Moveable generic chord shapes for ukulele This will be probably my most anachronistic post – charts of generic chord shapes suitable for the music of the mid 20th century. They are not exactly Renaissance, I know, but I wanted to publish them somewhere.
If you’re interested:
- preview pdf here
- download pdf here.
“Why do we need yet another chord table? ” I hear you cry. “Aren’t there enough out there already?”
Well, I hadn’t found any laid out in the way I preferred, and they didn’t always have the chords I wanted.
It all started when I was working my way through Glen Rose’s excellent Jazzy Ukulele Work Books. For the first time I had some understanding of extended chords and chord substitutions, as used by the beboppers and others. But, when I tried to modify or extend his approach, either the available charts were too elementary, or I had to flick through pages of the very useful Hal Leonard Ukulele Chord Finder (which is restricted to rooted chords). Also, it took time to work out each voicing by hand. I just wanted a few sheets of generic chord shapes that I could glance at and find the most suitable and comfortable fingerings. So, I decided to write my own reference charts, and hence this blog.
◦ The chord sheets are organised thus:
1. Major chords and extensions.
2. Suspended chords.
3. Unresolved chords: +5, dim 7, and dominant chords and their extensions and alterations.
4. Minor chords, extensions and alterations.
◦ On each sheet, simpler chords are generally shown first, followed by more complex ones.
◦ Each row on a sheet contains various voicings of a type of chord.
◦ Within rows, chord voicings with roots on the fourth string are shown first, followed by those rooted on the third, second and first strings. If you have a uke with a low fourth string, this can help one develop an interesting bass line.
◦ Triads (3-note chords) have 1 note duplicated an octave apart.
◦ 4-note chords usually have all notes included, but with the occasional omission and duplication.

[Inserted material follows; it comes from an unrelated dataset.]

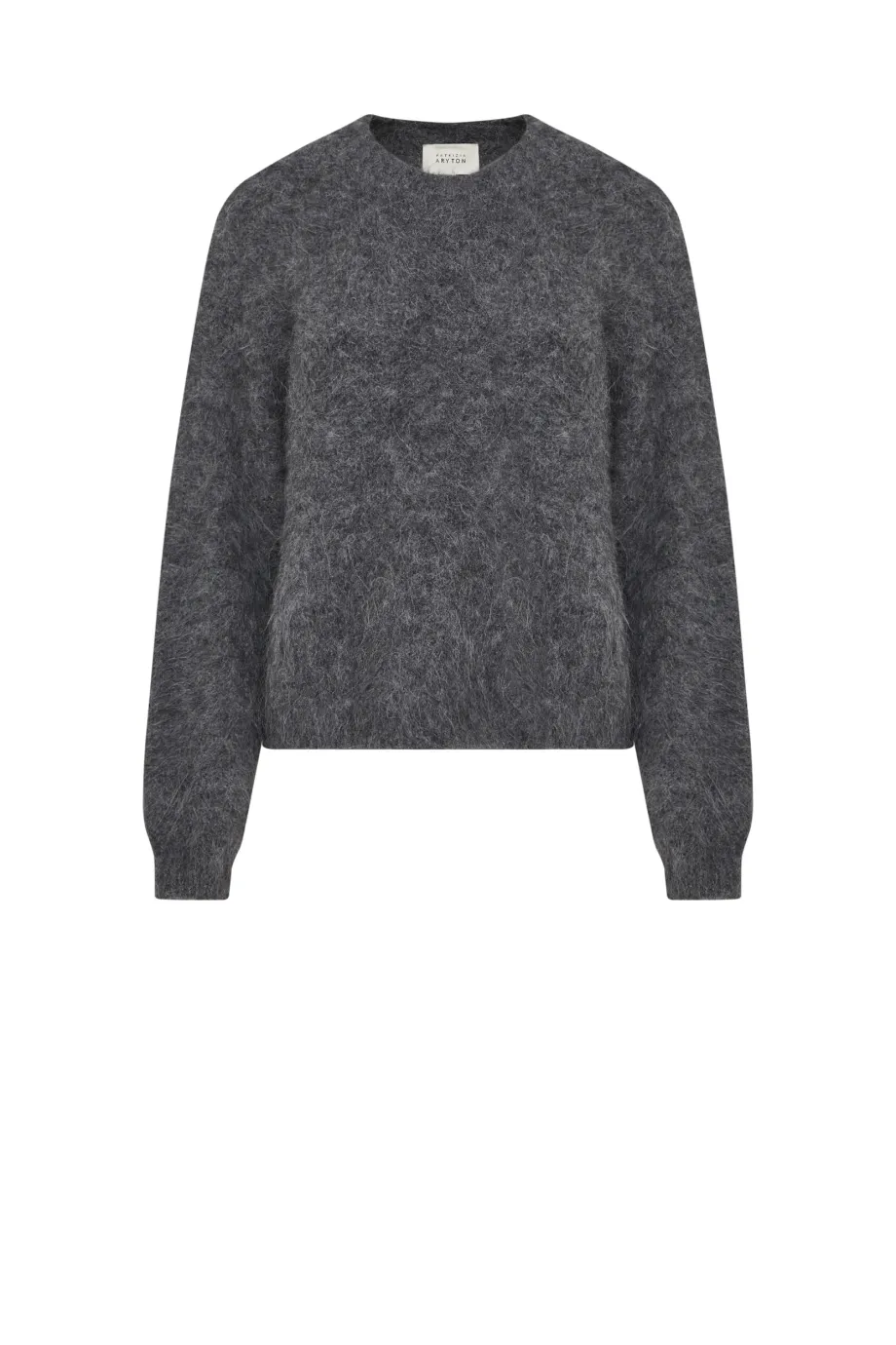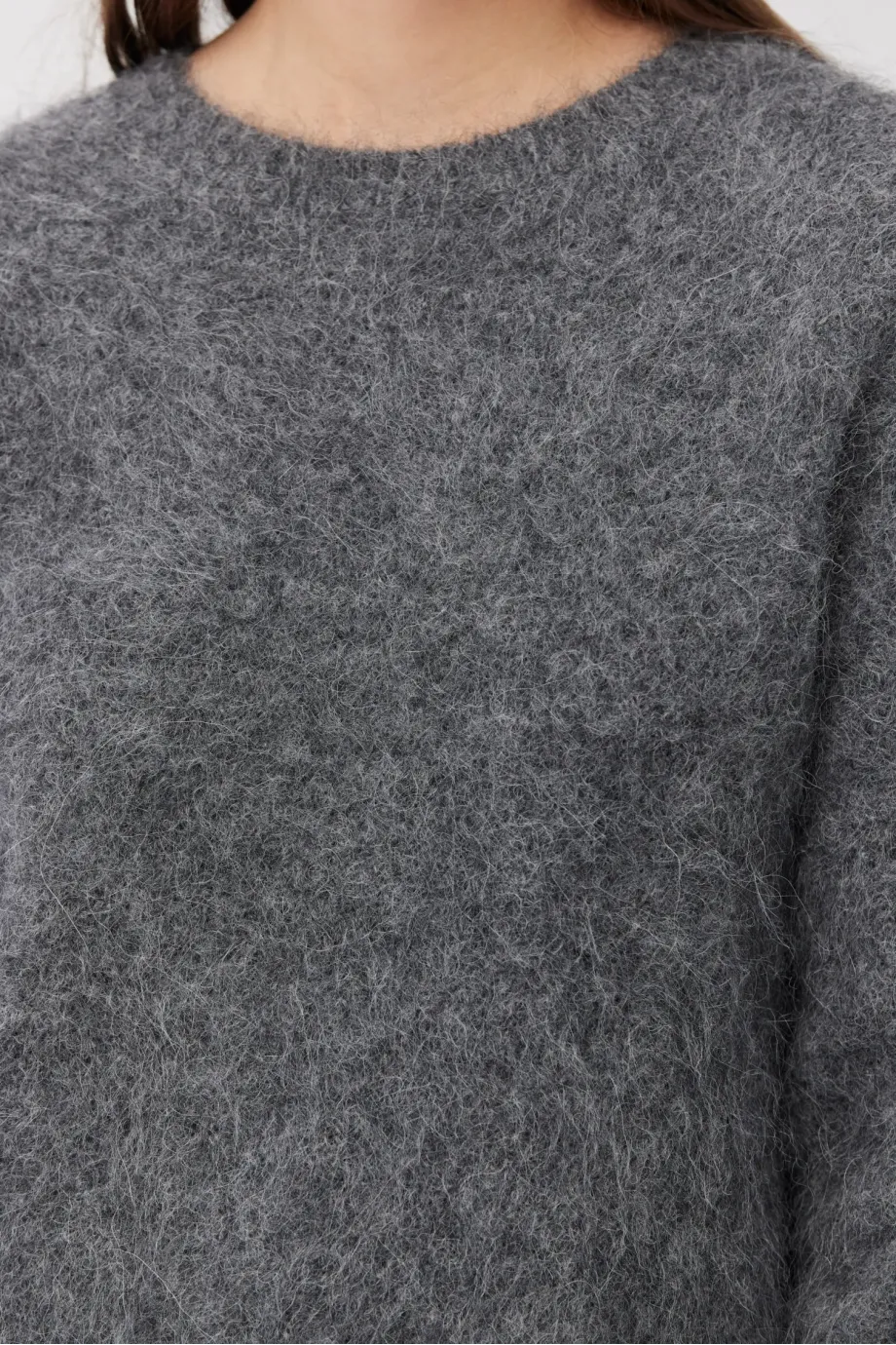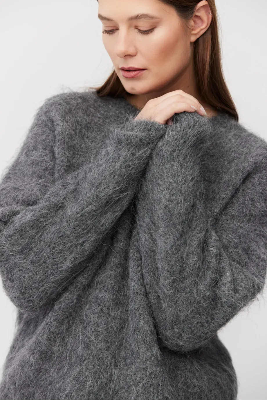 Šedý svetr s alpaka vlnou. Kulatý výstřih, dlouhý rukáv. Měkká, teplá pletenina s delšími vlákny. Volná vazba single jersey, připravená na stroji s uiglením 3 GG.

◦ Chords of 5 notes and more obviously don’t fit on a 4-stringed instrument such as the ukulele, so we have to omit one or more notes. Usually the 5th is the first to go as it provides less information than the 3rd which discriminates between major and minor keys. Following Glen Rose, some voicings are shown without their root notes, which can make them easier to play, especially the 9th and 13th chords which often require an awkward stretch. This means, for example, that a 9th chord without a root is equivalent to a 7th chord of some kind formed on the third above the root: e.g. CM9 (C E G B D) becomes Em7, and C9 (C E G B♭ D) becomes Em7♭5, and Cm9 becomes EbM7. There are plenty more aliases to search out. Happy hunting.
How to use the charts
Decide where on the fingerboard (string and fret) the chord root lies.
Look at the charts to find a chord voicing where the root note lies on that string. Root notes are shown by a red square ■ in rooted chords, and by a red diamond ◇ in chords where the root is not voiced. Other notes are shown by blue dots ● .
In general, it seems a good idea when accompanying a lead to select adjacent voicings, which don’t involve big jumps up and down the finger board. When playing choral melodies (with the tune on the 1st or 2nd string), however, that may be just what you want to do. These charts should help with either application.
I hope you have fun using the charts! If you find any errors I’d like to hear from you.
Thanks to “LimuHead” on the Ukulele Underground Forum who spotted a mistake in m6-chord no 2, which I have corrected. [20 Jan 2019]
PS I have just noticed that Spencer Gay has published a very neat one-page chord shape summary at the end of his Ukulele Melody Song Book, available here. It is attributed to ukuke.co.uk, which seems to have disappeared.